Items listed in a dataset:
________________________
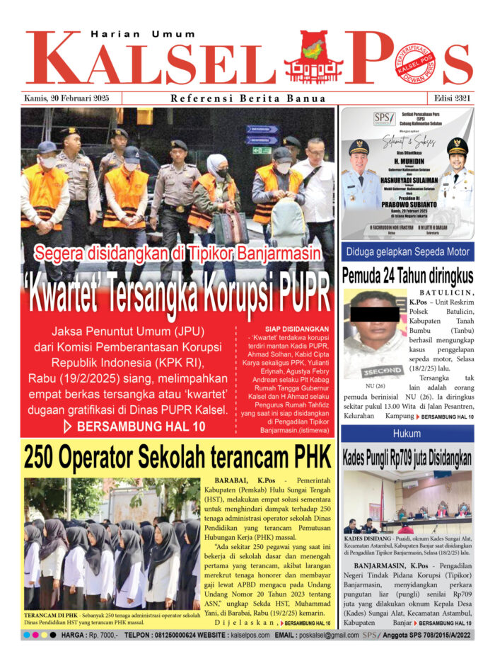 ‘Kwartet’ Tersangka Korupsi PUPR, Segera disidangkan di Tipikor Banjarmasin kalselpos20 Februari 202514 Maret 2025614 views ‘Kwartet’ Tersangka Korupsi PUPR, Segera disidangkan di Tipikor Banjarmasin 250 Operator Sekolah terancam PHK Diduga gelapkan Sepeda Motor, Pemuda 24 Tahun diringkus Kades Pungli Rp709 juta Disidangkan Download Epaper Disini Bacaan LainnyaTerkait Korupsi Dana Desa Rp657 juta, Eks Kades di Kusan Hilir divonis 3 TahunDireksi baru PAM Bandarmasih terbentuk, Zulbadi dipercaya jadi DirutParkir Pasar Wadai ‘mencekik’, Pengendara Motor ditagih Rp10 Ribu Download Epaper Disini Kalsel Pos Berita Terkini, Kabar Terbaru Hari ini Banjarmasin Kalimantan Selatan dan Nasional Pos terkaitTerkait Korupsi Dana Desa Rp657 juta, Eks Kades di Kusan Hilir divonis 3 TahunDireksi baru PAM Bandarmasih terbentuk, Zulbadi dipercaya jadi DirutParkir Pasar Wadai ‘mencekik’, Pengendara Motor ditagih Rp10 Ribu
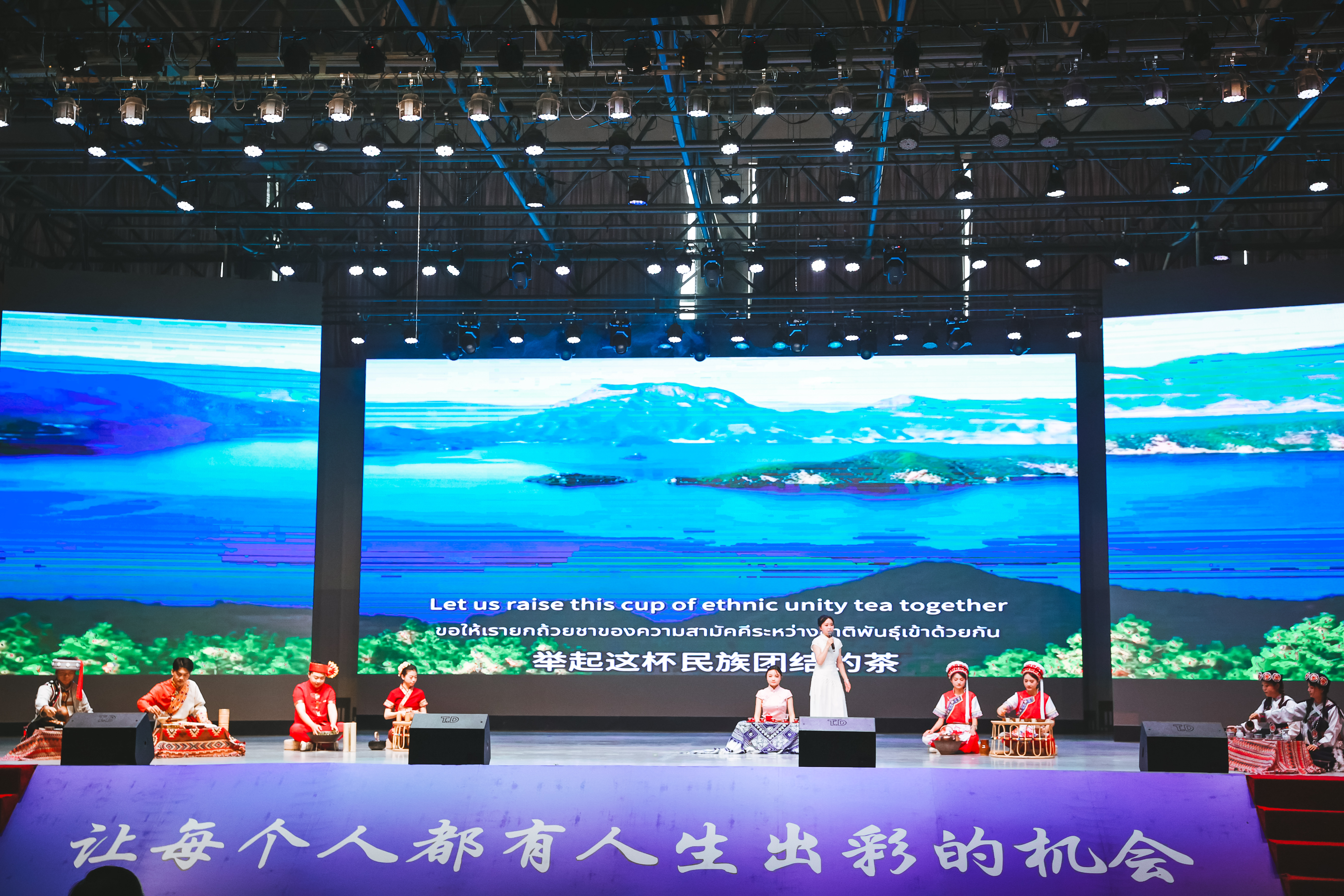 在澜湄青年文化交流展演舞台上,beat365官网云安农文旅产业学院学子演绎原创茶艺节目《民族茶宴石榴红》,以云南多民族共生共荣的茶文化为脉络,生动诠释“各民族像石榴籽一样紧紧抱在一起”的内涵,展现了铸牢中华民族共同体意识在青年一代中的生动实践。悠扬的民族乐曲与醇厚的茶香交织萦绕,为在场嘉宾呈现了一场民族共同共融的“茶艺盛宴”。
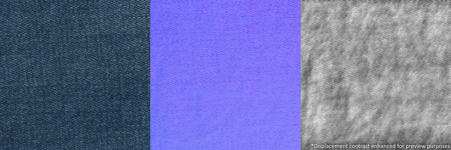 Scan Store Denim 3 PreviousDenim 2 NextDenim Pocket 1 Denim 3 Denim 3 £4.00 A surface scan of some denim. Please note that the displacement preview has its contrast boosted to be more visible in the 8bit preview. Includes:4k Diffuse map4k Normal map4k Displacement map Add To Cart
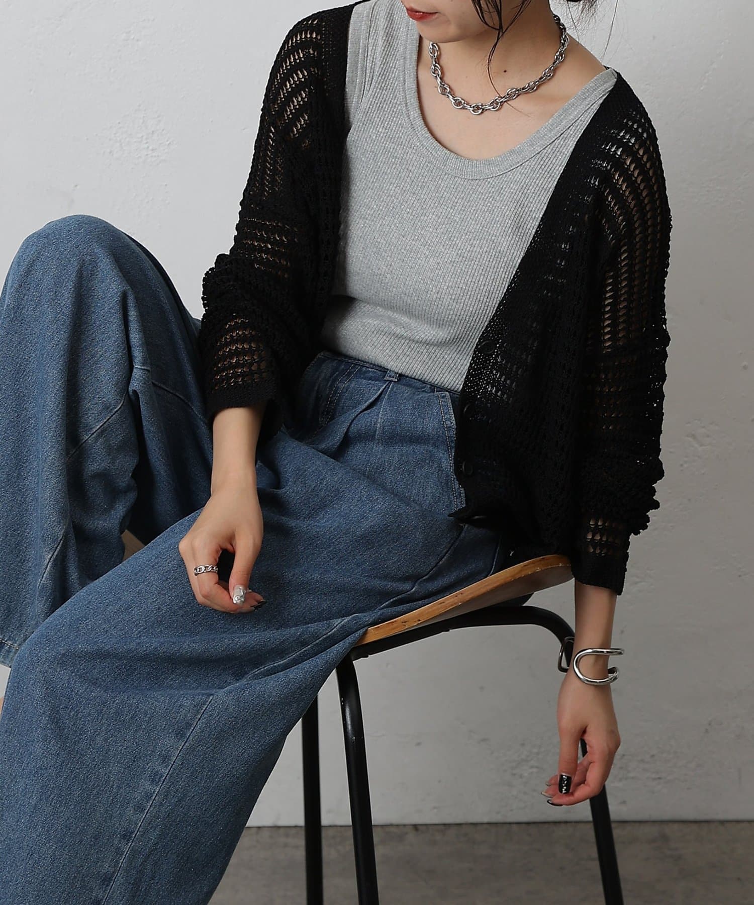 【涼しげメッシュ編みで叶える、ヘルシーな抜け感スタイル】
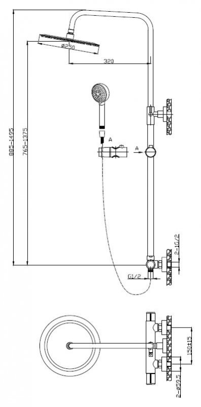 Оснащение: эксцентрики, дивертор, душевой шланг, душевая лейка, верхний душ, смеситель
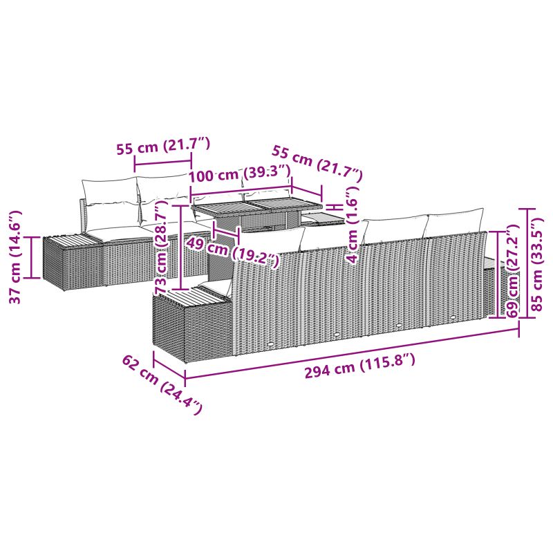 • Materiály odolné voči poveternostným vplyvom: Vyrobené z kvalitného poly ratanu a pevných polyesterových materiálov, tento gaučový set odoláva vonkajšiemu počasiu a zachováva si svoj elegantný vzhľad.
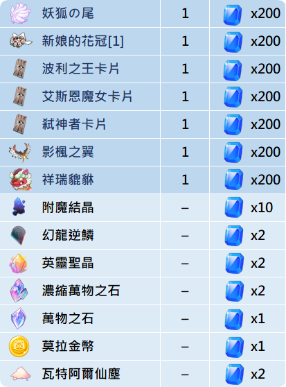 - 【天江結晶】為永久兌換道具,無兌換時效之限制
________________________
▶ _Task goal_: What's needed is an exact retyping of the records, pictures excluded.

▶ _Written response_:
 ‘Kwartet’ Tersangka Korupsi PUPR, Segera disidangkan di Tipikor Banjarmasin kalselpos20 Februari 202514 Maret 2025614 views ‘Kwartet’ Tersangka Korupsi PUPR, Segera disidangkan di Tipikor Banjarmasin 250 Operator Sekolah terancam PHK Diduga gelapkan Sepeda Motor, Pemuda 24 Tahun diringkus Kades Pungli Rp709 juta Disidangkan Download Epaper Disini Bacaan LainnyaTerkait Korupsi Dana Desa Rp657 juta, Eks Kades di Kusan Hilir divonis 3 TahunDireksi baru PAM Bandarmasih terbentuk, Zulbadi dipercaya jadi DirutParkir Pasar Wadai ‘mencekik’, Pengendara Motor ditagih Rp10 Ribu Download Epaper Disini Kalsel Pos Berita Terkini, Kabar Terbaru Hari ini Banjarmasin Kalimantan Selatan dan Nasional Pos terkaitTerkait Korupsi Dana Desa Rp657 juta, Eks Kades di Kusan Hilir divonis 3 TahunDireksi baru PAM Bandarmasih terbentuk, Zulbadi dipercaya jadi DirutParkir Pasar Wadai ‘mencekik’, Pengendara Motor ditagih Rp10 Ribu
 在澜湄青年文化交流展演舞台上,beat365官网云安农文旅产业学院学子演绎原创茶艺节目《民族茶宴石榴红》,以云南多民族共生共荣的茶文化为脉络,生动诠释“各民族像石榴籽一样紧紧抱在一起”的内涵,展现了铸牢中华民族共同体意识在青年一代中的生动实践。悠扬的民族乐曲与醇厚的茶香交织萦绕,为在场嘉宾呈现了一场民族共同共融的“茶艺盛宴”。
 Scan Store Denim 3 PreviousDenim 2 NextDenim Pocket 1 Denim 3 Denim 3 £4.00 A surface scan of some denim. Please note that the displacement preview has its contrast boosted to be more visible in the 8bit preview. Includes:4k Diffuse map4k Normal map4k Displacement map Add To Cart
 【涼しげメッシュ編みで叶える、ヘルシーな抜け感スタイル】
 Оснащение: эксцентрики, дивертор, душевой шланг, душевая лейка, верхний душ, смеситель
 • Materiály odolné voči poveternostným vplyvom: Vyrobené z kvalitného poly ratanu a pevných polyesterových materiálov, tento gaučový set odoláva vonkajšiemu počasiu a zachováva si svoj elegantný vzhľad.
 - 【天江結晶】為永久兌換道具,無兌換時效之限制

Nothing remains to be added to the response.